**MATERIAL PROVIDED:**
===============

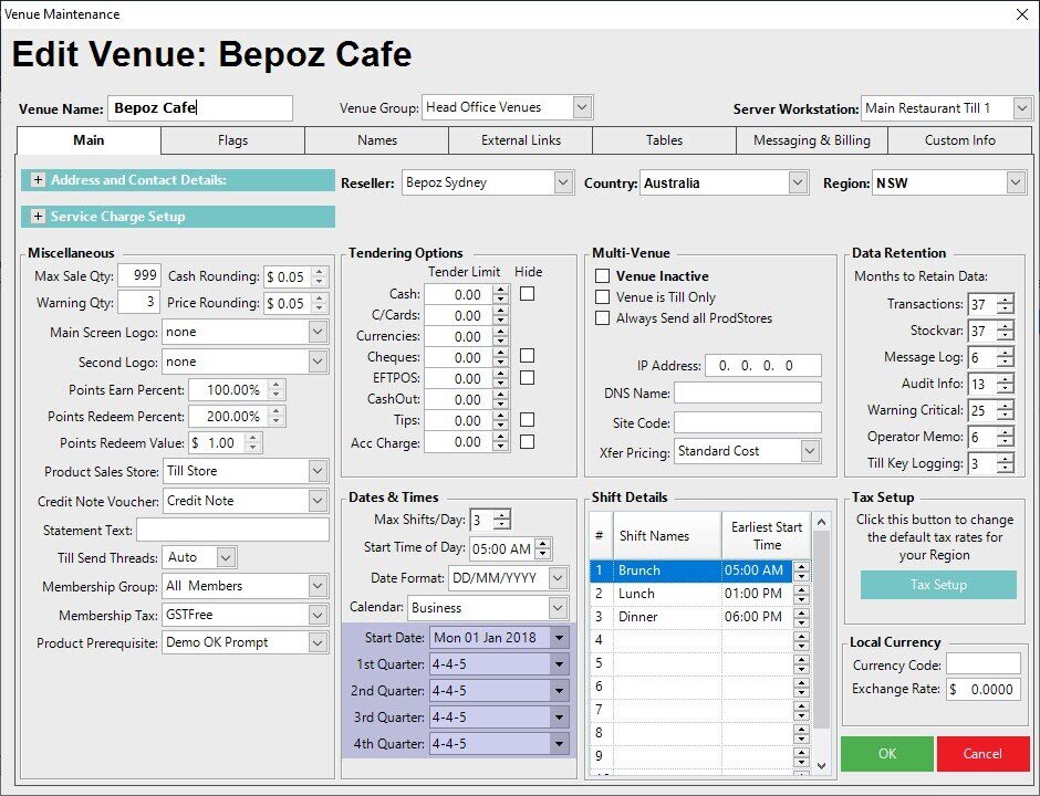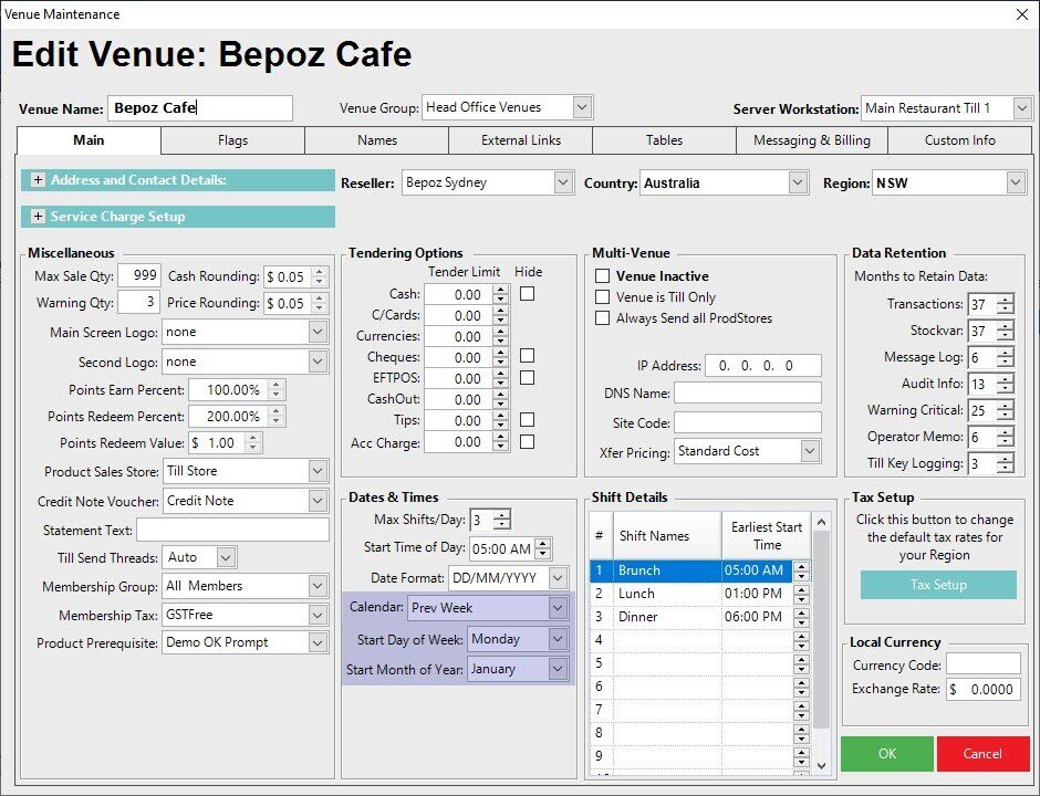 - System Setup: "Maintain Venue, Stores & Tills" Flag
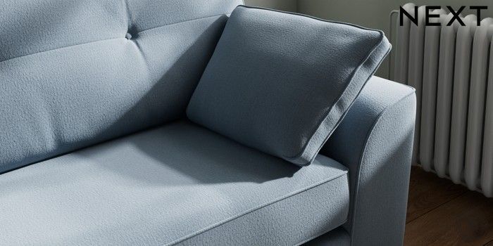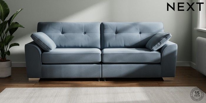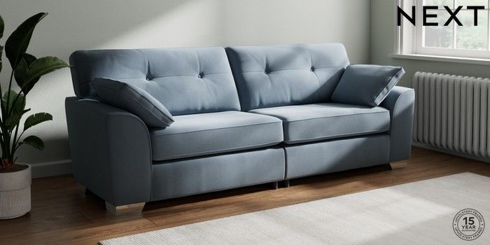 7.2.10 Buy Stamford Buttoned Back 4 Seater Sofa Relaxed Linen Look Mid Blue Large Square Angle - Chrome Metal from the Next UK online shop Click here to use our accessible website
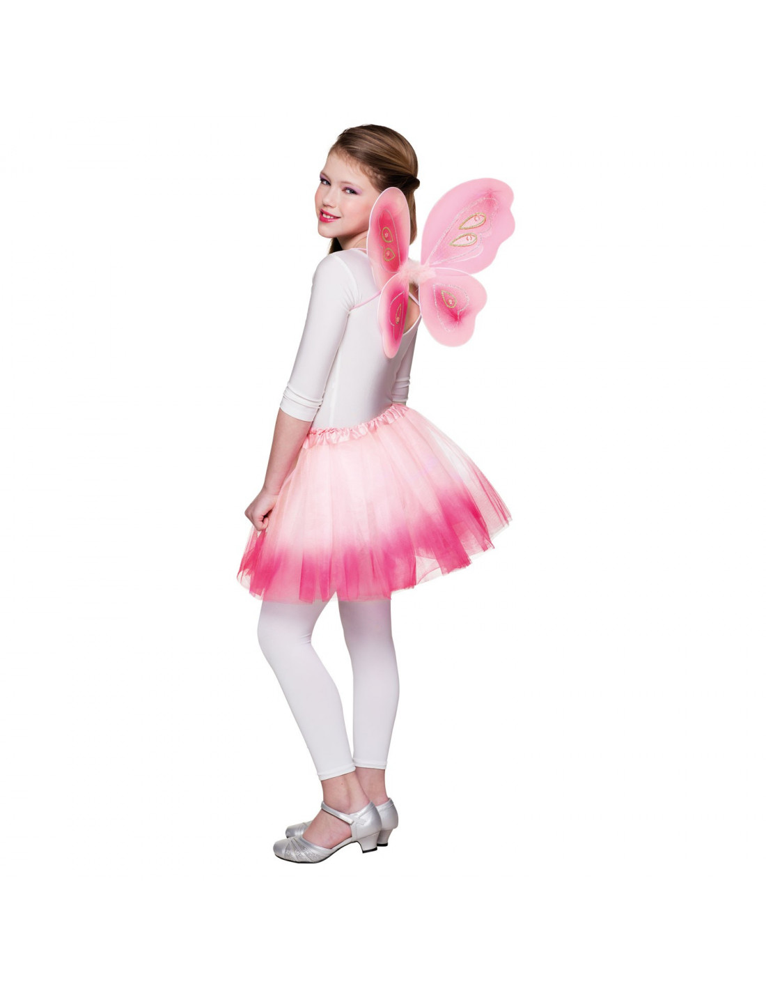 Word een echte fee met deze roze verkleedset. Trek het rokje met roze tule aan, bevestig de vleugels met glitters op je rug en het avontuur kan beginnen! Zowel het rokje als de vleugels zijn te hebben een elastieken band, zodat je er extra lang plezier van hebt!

===============

**EXERCISE:**
Word for word, quote the lines above. Omit the pictures.

**OUTPUT FOR THIS TASK:**
 - System Setup: "Maintain Venue, Stores & Tills" Flag
 7.2.10 Buy Stamford Buttoned Back 4 Seater Sofa Relaxed Linen Look Mid Blue Large Square Angle - Chrome Metal from the Next UK online shop Click here to use our accessible website
 Word een echte fee met deze roze verkleedset. Trek het rokje met roze tule aan, bevestig de vleugels met glitters op je rug en het avontuur kan beginnen! Zowel het rokje als de vleugels zijn te hebben een elastieken band, zodat je er extra lang plezier van hebt!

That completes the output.